14. Avoid using too much water on your skin
Try to avoid foaming cleansers and soaps as these are too drying for sensitive
skin. Use a cream cleanser and, if you can tolerate one, a gentle toning lotion.

15. Avoid perfumed shampoos

Water running down your face and into your eyes containing perfumed shampoo
or conditioning products can irritate and dry skin and eyes.

16. Be gentle.

Try not to rub and pull and avoid exfoliators or scrubs which are too abrasive for
sensitive skin. A soft facial tissue / cotton wool pad is enough to remove dead
cells and give skin a lift. Use gentle upward sweeping motions when cleansing
and pat or press moisturiser very gently into the skin.

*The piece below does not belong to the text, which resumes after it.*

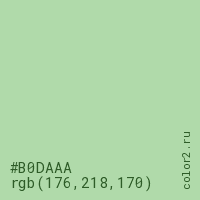 Цвет #B0DAAA в цветовой модели RGB обозначается тремя октетами (176, 218, 170) в десятичном формате и #B0DAAA в шестнадцатиричном (hex) формате, которые являются интенсивностью красного 176 (hex B0), интенсивность зелёного 218 (hex DA) и интенсивность синего 170 (hex AA).

17. Try to avoid extremes of temperature

Quite apart from the obvious keeping skin out of – or protected when in – the sun,
try to avoid super hot baths or showers and going from very cold to hot
temperatures or vice versa.

18.Ask yourself if you really need to try something

New products and innovations sound exciting and it is human nature to want to
try them. Most claims, however, are just marketing and rarely live up to the
hype!

19. Check out your dressing table

Try and make sure all lotions, potions and make-up are in date, are kept out of
sunlight or protected from extremes of temperature and that your make-up
brushes and applicators are clean. Sensitive skin does not need to have to fight
bacteria!

20. Don’t suffer in silence: check out your symptoms

Many people put their red, easily flushed skin down to heat or alcohol or
hormones but it could be due to rosacea for which various treatments are
available to control (there is not a ‘cure’ at this moment in time) symptoms and
improve the look and feel of your skin. Likewise with eczema.